The algorithm is a generalization of Punycode, known as bootstring. There are references to how the algorithm
work in the [RFC-3492](https://datatracker.ietf.org/doc/html/rfc3492), the following document summarize it and
may offer a more friendly explanation of the concepts.

## Encoding procedure

### Separation of basic codes

In general, in the Bootstring algorithm we need to differentiate between basic codes and extended codes:
- **Basic codes** are known a priori and are the valid codes supported in our application domain.
- **Extended codes** are every other code which is not in the basic code set.

For example, in OpenUSD versions prior to 24.03, the basic codes would be compromised of the characters `[A-Za-z0-9_]`
whereas from 24.03, the basic codes will make up to the Unicode XID specification.

The first step in encoding is separating the basic codes from the extended codes.

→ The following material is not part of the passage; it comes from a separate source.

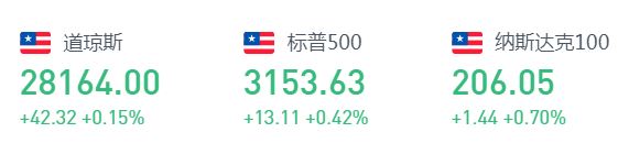 美股周三小幅收高,三大股指再创盘中与收盘历史最高纪录。道指收盘上涨42.32点,或0.15%,报28164.00点;标普500指数涨13.11点,或0.42%,报3153.63点。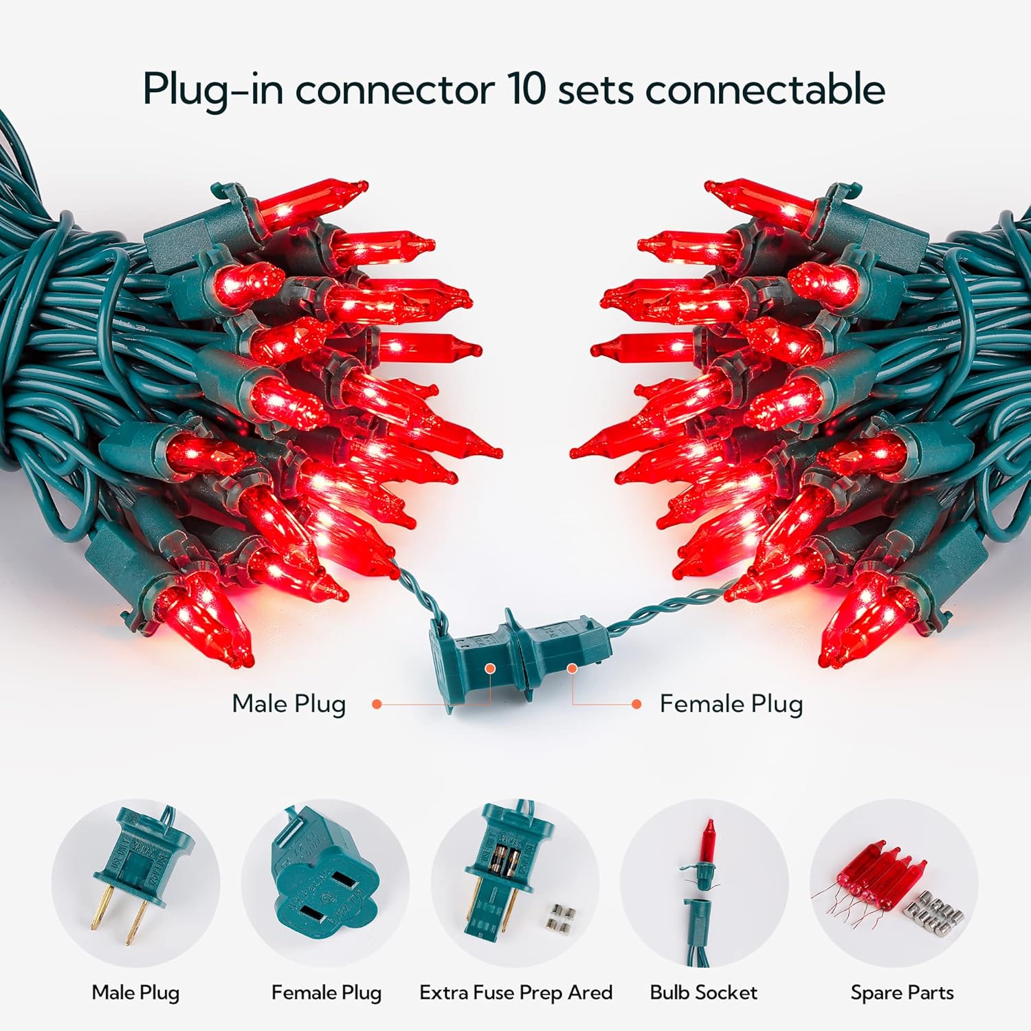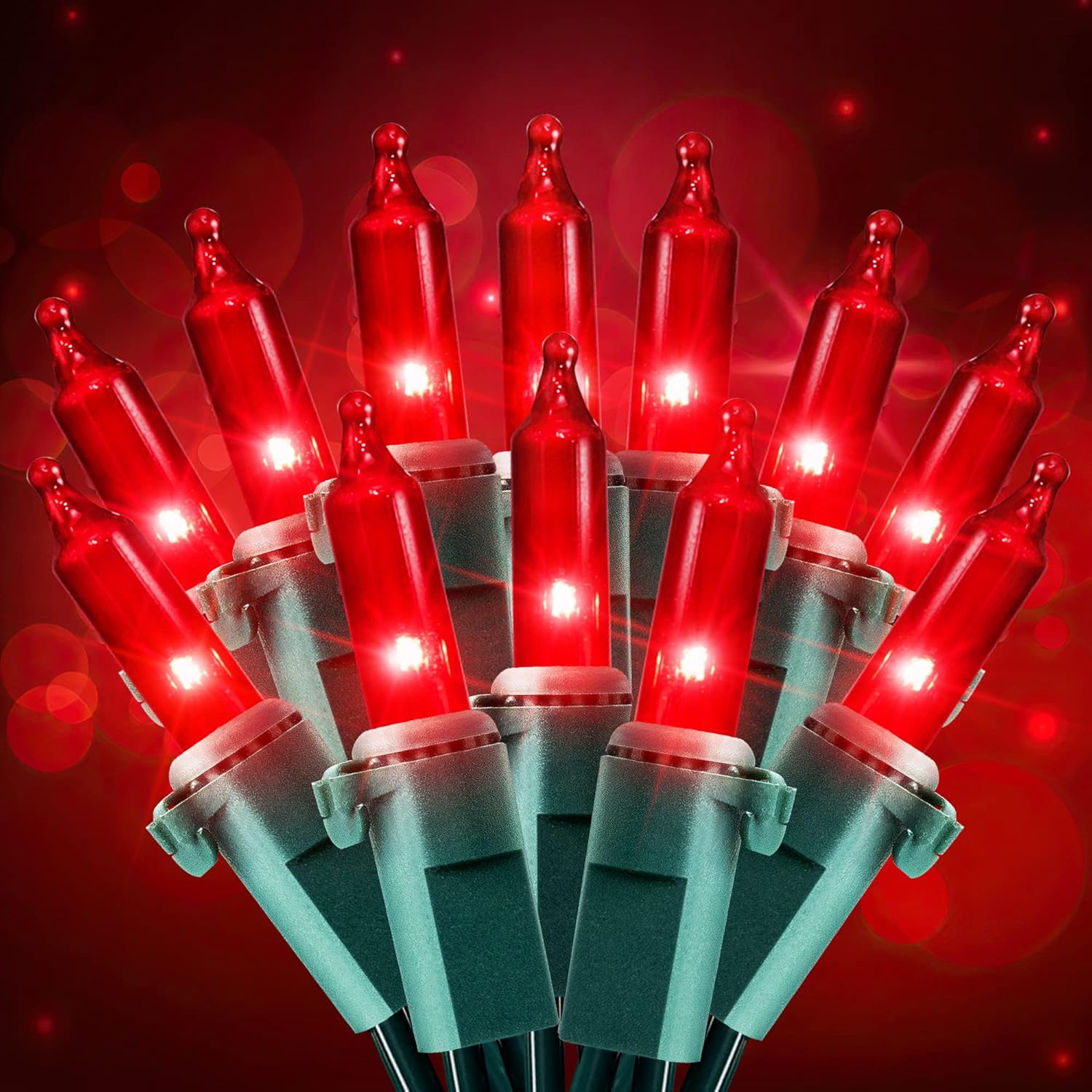 - 💕2Pack Incandescent Christmas Lights:Hopolon 2 PACK 50L Red Christmas mini lights is 13ft in total-Green wire with Bulbs: 3.5m/11.5ft, cord without lights50cm/1.5ft, spacing between every bulb: 7cm/2.76in. With Thicker green wire with strong insulated copper core, tangle-free to use,High quality UL certified products ensure the safety of you and your family.

The basic codes will be copied
directly to the string, since they already belong to the domain of valid characters and will not cause any problem.
If no extended code exists, then the algorithm finishes here.

| Identifier | Group | Value |
|-------------------|----------|---------------|
| `012-345-678/9.0` | Basic | `01234567890` |
| | Extended | `--/.` |

### Encoding of extended codes

If there are extended codes, we start by appending a delimiter character. A delimiter character is a character
which belongs to the set of basic codes and help to differentiate between basic and extended codes.
The original specification uses dash (`-`), however in our implementation we will use underscore (`_`).

| Prefix | Basic codes | Delimiter | Suffix |
|--------|---------------|-----------|---------------------|
| `tn__` | `01234567890` | `_` | `ENCODING_OF(--/.)` |


We then use the following:

#### Delta encoding

Delta encoding is the process of encoding differences of values, instead of encoding directly the values. In transcoding
this is useful as it exploits the fact that `UTF-8` characters of the same language appear close to each other.
For example for japanese, Hiragana syllabary appears from `0x3040` to `0x309f` while Katakana appears from `0x30a0` to `0x30ff`.
This helps to reduce the number of encoded bytes.

| Characters sorted | Value to encode |
|-------------------|--------------------------------------------|
| `-` | 45 |
| `-` | 0 (UTF-8 value 45, same as previous) |
| `.` | 1 (UTF-8 value 46, one more than previous) |
| `/` | 1 (UTF-8 value 47, one more than previous) |


One difference in this implementation is that delta encoding starts at character `0`. In Punycode,
all ASCII characters are valid, as such delta encoding start with value `128`. However, this is not true in OpenUSD
where we still have invalid ASCII codes.

#### Variable length integer encoding

Variable length integer encoding allow us to concatenate integers without having to mark the limits between each of them.
`UTF-8` itself is an example of a variable length encoding. We know the last digit (and the beginning of a new one) when
we hit a threshold.

| 0 | 1 | 2 | 3 | 4 |
|---------------|---------------|-------------------------------------------------------|---------------|-----|
| D<sub>0</sub> | D<sub>1</sub> | D<sub>2</sub> | D<sub>0</sub> | ... |
| T<sub>0</sub> | T<sub>1</sub> | T<sub>2</sub> | T<sub>0</sub> | ... |
| | | D<sub>2</sub> < T<sub>2</sub>, <br/>new number starts | | |


#### Mixed radix representation

Above encodings let us represent single numbers, however we intend to store both the extended code and its position.
Although we could store a sequence of two integers, that would expand our encoding representation. Another way is to represent
the extended code and position as a single number using mixed radix.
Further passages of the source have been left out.